This is the time of year when my legendary sunny personality turns grumpy. The reason? In a word — pantomime. One of the best months of the year for openings turns overnight into a theatrical desert in which common sense, artistic taste and intellectual rigor disappear into a welter of bathroom jokes, television comedians and painted canvas animals with two men inside them. In this country we have so little respect for our children that we subject them, every Christmas, to these appalling entertainments full of sexual innuendo, which they don't understand, and bad scriptwriting that is excused by labeling it traditional.
For those readers across the Atlantic who are lucky enough never to have been in England during "panto" season, I should explain.
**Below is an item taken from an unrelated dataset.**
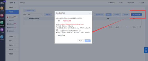 可选择将名称展示区域信息展示为图片内容,也可批量导入图片名单

I can give you a lot of guff about how it grew out of commedia del'arte in the 16th century — touring companies of actors around Europe performing simple plots with stock characters, such as Harlequin, Columbine, Pantaloons and Pierrot — and how it subsequently developed from dumb show to spoken and sung entertainments in the 18th century, and what happened to it after that, but what it has now, in the 21st century, developed into is what I think of as a specifically English form of theatrical torture.
Fairy tales — "Babes in the Wood," "Snow White," "Cinderella," "Ali Baba," and so on — are purloined by theatre companies the length and breadth of Britain and served up to the nation's children, decorated with terrible songs, to many of which the kids are asked to sing along, as theatre. Children are encouraged to shout back at the characters and are very often brought up on stage as part of the action. There is a large cast of singers and dancers, specialty acts that have nothing to do with the plot (they're often the best bits) and as much sparkle and spangle as the hard-pressed theatre can afford.
The tradition is that the two leading roles are always played by actors of opposite gender. The Principal Boy is usually a pair of female legs attached to a delectable form that has competed on "Strictly Come Dancing" or some other reality show, while the Dame is usually a well-known burly comedian with hairy legs wearing shock-horror dresses which he changes with every scene. This is often the character whose script, while pretending to entertain the children, is replete with sexual images meant for their parents. For reasons I have never fathomed, sometimes great actors queue up to play these roles. On one recent year, Ian McKellen was the Dame and Roger Allam played Abanazer in a specially mounted (and sold out) production of Aladdin at the Old Vic, no less.
But the real problem is that these shows, which are neither real musical theatre nor plays, are in almost every case the only live theatre that England's children will get to see all year. I would have no objection if they were simply part of the rich tapestry that is British theatre, seen alongside many other shows during the year, but for many these are the only experience they will have until they are adults. No wonder the theatre is declining among the young.
It should also be stated, as firmly as possible, that London particularly and our other big cities as well, produce wonderful theatre for children and young people throughout the year. It is harder to find audiences for these brilliant, thoughtful, and humorous productions because there is no longer the habit of taking children to the theatre from an early age. Except, every Christmas, to a panto.
I thought pantos were silly, unfunny and boring when I was six years old and I still do. So, as Scrooge would say, "Bah, humbug!"